If I take Christ out of the equation, I actually find the closing statement sad and frightening.   This statement by death means that an individual will be judged based on the measure of their worth as a person by some sort of unknown entity.  Judgment means that for those that are judged worthy, they will receive a benefit, while those judged unworthy will receive punishment.  Bill is afraid for good reason because apart from Christ, even if he feels worthy, he actually has no idea if  he will receive reward or punishment.  Bill’s question to Death hits at the heart of God’s perfect plan and how we are all innately created to ask if we are worthy or not.

God loves us so much in that he offers us a path through Christ’s death and resurrection that eliminates the doubt and fear we have in life and death.  As a believer in Christ, you have no cause to ask Death if you should be afraid.   Bill didn’t say whether he was or was not afraid, he wanted to know if he should be afraid.  I might be afraid of death, but my belief in Christ as my foundation tells me that I shouldn’t be.   Death told Bill that a man such as himself has no need to be afraid.  If another person was behind a bush listening to the exchange, he would be left scratching his head trying to figure out what it is that Bill did right and how could he replicate that.  With Christ, I stand before ‘death’ and say that I am a sinner as is plain to see.  I say that there are no works enough to make myself worthy to receive the reward.  It is only my belief in the works of Christ that set me free. Christ intercedes on my behalf with the Father to say that my sins have been covered by His blood.

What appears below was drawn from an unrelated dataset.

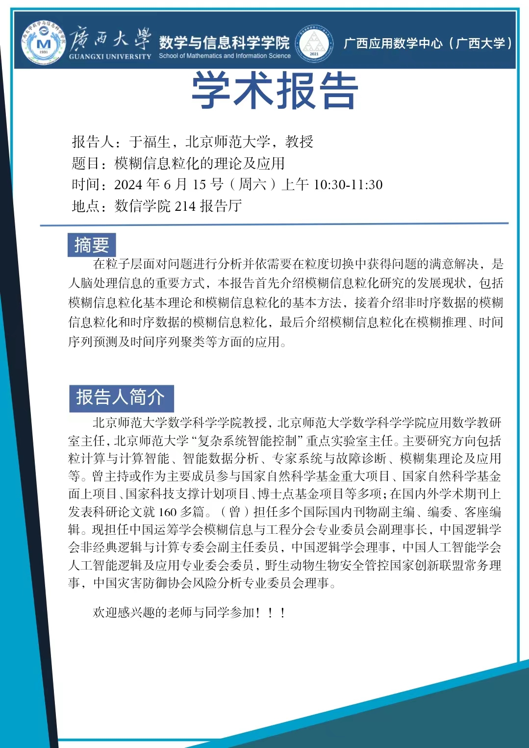 主講人 于福生 北京師范大學(xué)教授 地址 數(shù)信學(xué)院214報(bào)告廳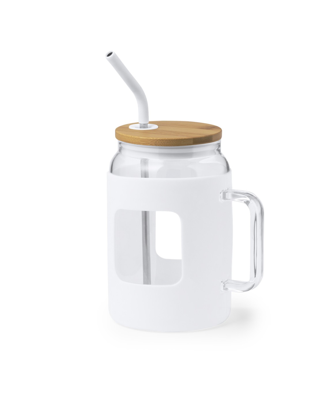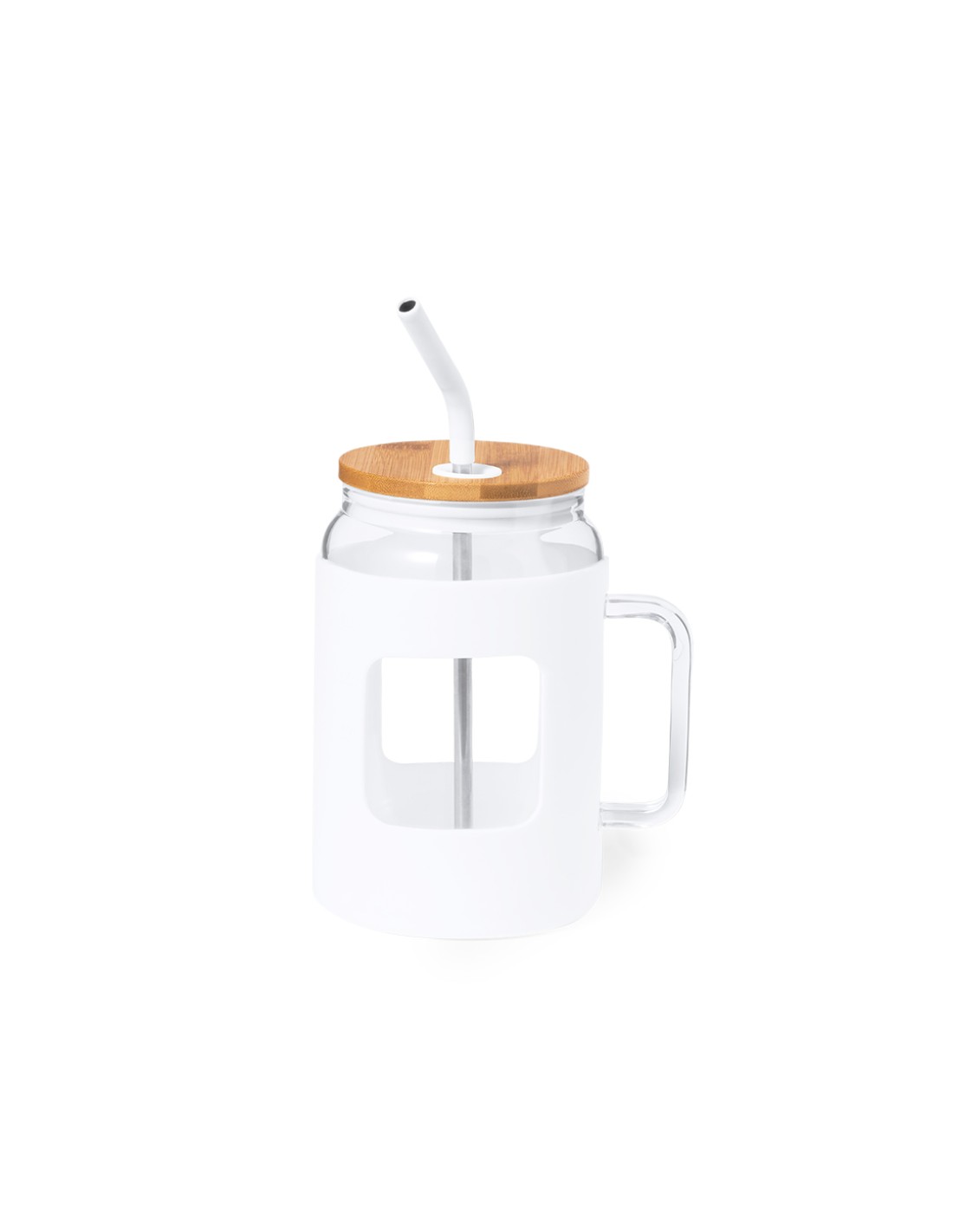 Tarro de gran capacidad (1,625 l) con cuerpo fabricado en resistente cristal, que ofrece una resistencia y durabilidad excepcionales, alargando su vida útil y pudiendo ser reutilizado infinidad de veces. Incluye asa para cómodo transporte y funda protectora en suave silicona. Tapa en bambú a presión, con orificio para pajita, y pajita reutilizable de acero inoxidable, con la punta recubierta en silicona para disfrutar de las bebidas de manera cómoda y segura.Presentado en caja individual de diseño kraft.

I’m sad because so many people go through life apart from Christ asking themselves the same questions Bill did.  They are unsure and lonely.  It saddens me because the answer they seek is so close at hand and comes at no more cost than belief.  But at the same time, I have joy because the work has already been done.

1 comment:

Kansas Bob said...

Good stuff Scott! Having eternal life is all about experiencing spiritual life in the hear and now. Having life this side of the grave abates any fear of life on the other side of death.